Algeria | Access to Care

Algeria | Access to Care

When a social decision becomes a structuring lever for market access

Electronic medical card for vulnerable uninsured populations

Here is a very concrete social measure recently implemented in Algeria: a digital mechanism that is transforming access to care for the most vulnerable members of society.

In January 2026, the Algerian government launched an electronic medical card for underprivileged people without social insurance coverage and their minor children, enabling them to receive prescribed medicines free of charge, based on an official list approved by the authorities.
( Echorouk Online )

This “Chifa” card / electronic medical card relies on the network of pharmacies contracted with the National Social Insurance Fund for Salaried Workers (CNAS). Beneficiaries can obtain prescribed medicines free of charge in line with an inter-ministerial list, with no limit on the value or the number of medicines per prescription.
( Dzair Tube )

The scheme was officially announced during a government ceremony attended by the ministers responsible for Labour, Solidarity, and Family, as part of a broader set of social reforms aimed at strengthening protection and access to care for vulnerable populations.
( MédiTerranée )

To be eligible, individuals must submit an administrative and medical file to their municipality’s social services. A commission reviews the application before the card is issued and then activated via CNAS.
( MédiTerranée )

This initiative represents a tangible step forward in access to medicines for the most disadvantaged in Algeria, combining digitalization, free access, and expanded therapeutic coverage.
( Echorouk Online )


Beyond its humanitarian impact, this measure sends several strong signals in terms of market access and pharmaceutical policy.

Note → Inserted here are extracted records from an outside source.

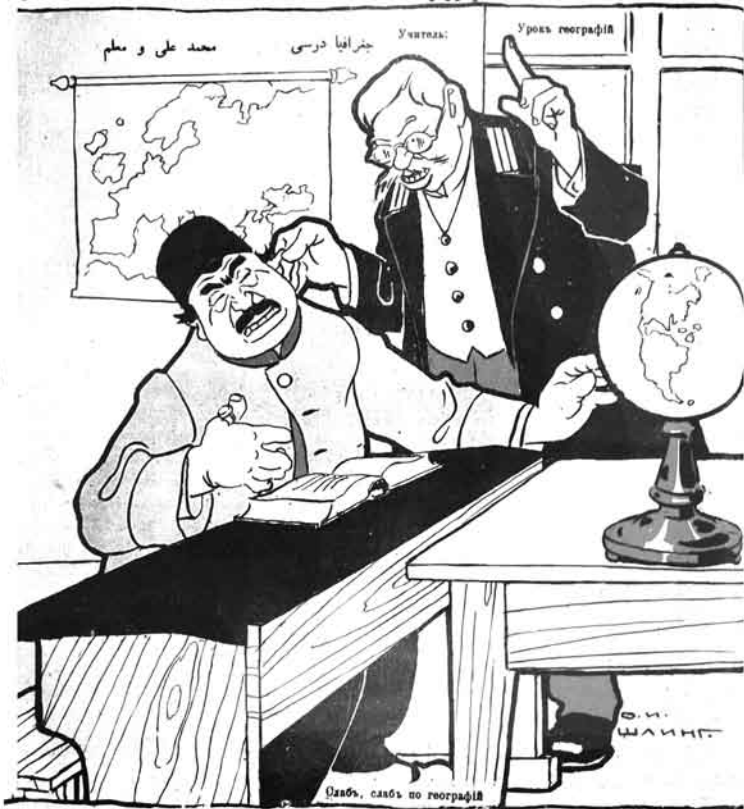
آی قریشال، هله ایندی به گیمی ایرانک یرینی اورگنیوبسن آی قریشال!..

№37. Цѣна 12 к. МОЛЛА НАСРЕДДИНЪ ۱۲ تیک ۳۷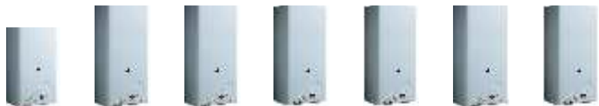
ТАБЛИЦА ТЕХНИЧЕСКИХ ХАРАКТЕРИСТИК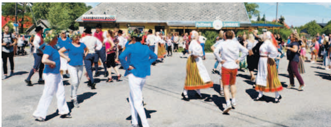
Millal siis veel Eesti rahvatantsu kaerajaini tantsida, kui mitte juubelitepo tule tervitamisel.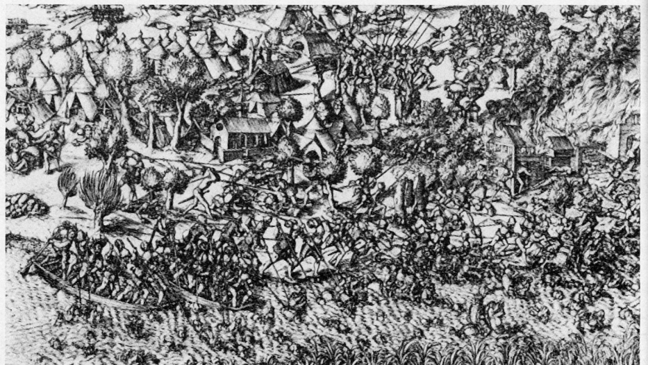
Bild 2. Nach der Schlacht bei Murten 1476 verfolgen eidgenössische Boote die in den See flüchtenden Burgunder (Radierung von Martin Martini, nach einem aus dem 15. Jahrhundert stammenden Original).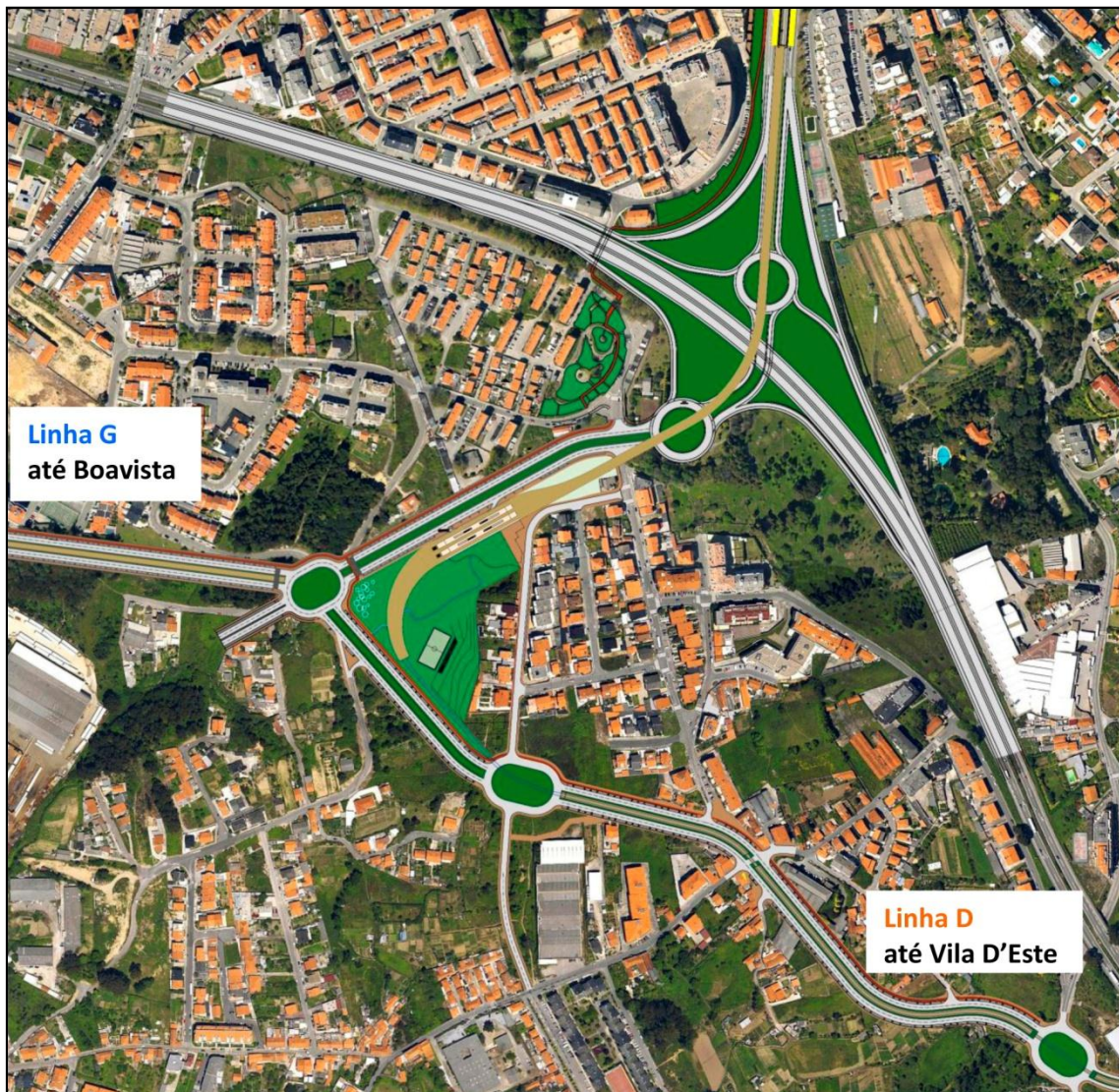
Remodelação Nó de Santo Ovídio e articulação da Avenida até ao Mar com as linhas D e G do Metro, sobre ortofotomapa de agosto de 2008.

Para esse efeito foi desenvolvido um Estudo de Viabilidade, o qual obteve aceitação por parte da EP - Estradas de Portugal, S.A. (EP.EPE), que prevê a manutenção da passagem inferior à autoestrada (A1 / IC2) e a criação de duas rotundas de um lado e do outro daquela, permitindo, através dos ramais de acesso, a implantação de todos os movimentos de ligação à auto-estrada e desta para norte e para sul / poente.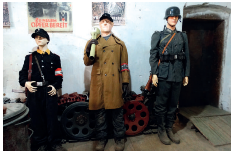
образцы военной формы с выставки клуба «Пехотинец»

Важная часть истории музея «Память» – традиционная реконструкция пленения генерала-фельдмаршала Паулуса, которую с 2006 года ежегодно проводит волгоградский военно-исторический клуб «Пехотинец» в историческом месте. Все эти годы по мере сбора исторических материалов менялся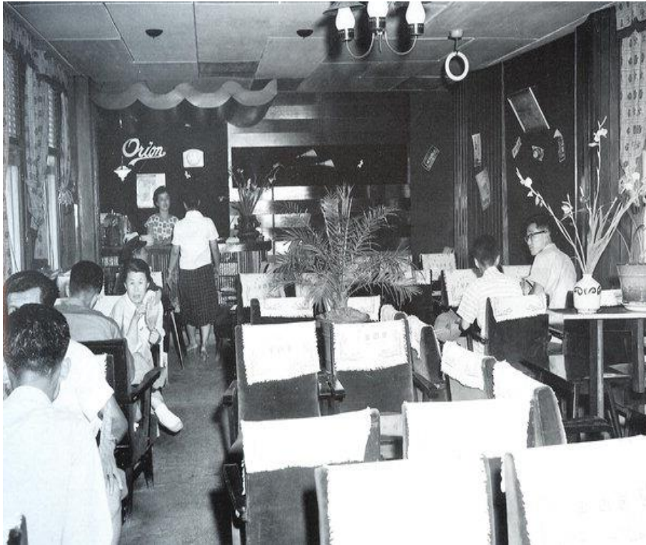
1961년 오리온다방, 자료:국제신문

1950년 6.25전쟁으로 주둔하게 된 미군에 의해 인스턴트 커피가 시중에 유통되며 모든 계층에 커피가 활발하게 공급됨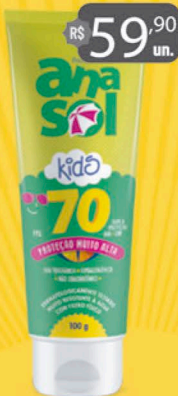
Anasol Protetor Solar KIDS FPS 70 - 100g

Three key implications to highlight

1) Institutionalizing equity of access

By formally integrating uninsured populations into a structured national scheme, the State expands the scope of “public” demand and reinforces a model of access based on medical need, not only insurance status.

2) Strengthening the public payer’s role as system architect

Defining an eligible medicines list, using contracted pharmacies, and digitizing the pathway strengthens the payer’s ability to steer access, traceability, and budget sustainability.

3) Opening new space for non-promotional partnerships

Such a system creates a favorable environment for “system-building” public–private partnerships, including:

  • supporting structured care pathways,
  • improving data collection,
  • strengthening capabilities (diagnosis, follow-up, training),
  • within a strictly compliant, non-commercial framework.

Market access impacts to watch closely

  • Expanded coverage scope: broader access for additional patient segments.
  • Stronger public steering (eligibility criteria, official list, defined channels): more structured and predictable access.
  • Accelerated digitalization: pathway optimization and improved traceability, subject to health-authority oversight.

Market access is not limited to price and reimbursement. It is also built through public policy decisions that redefine the rules of the game, the target populations, and the levers of long-term impact.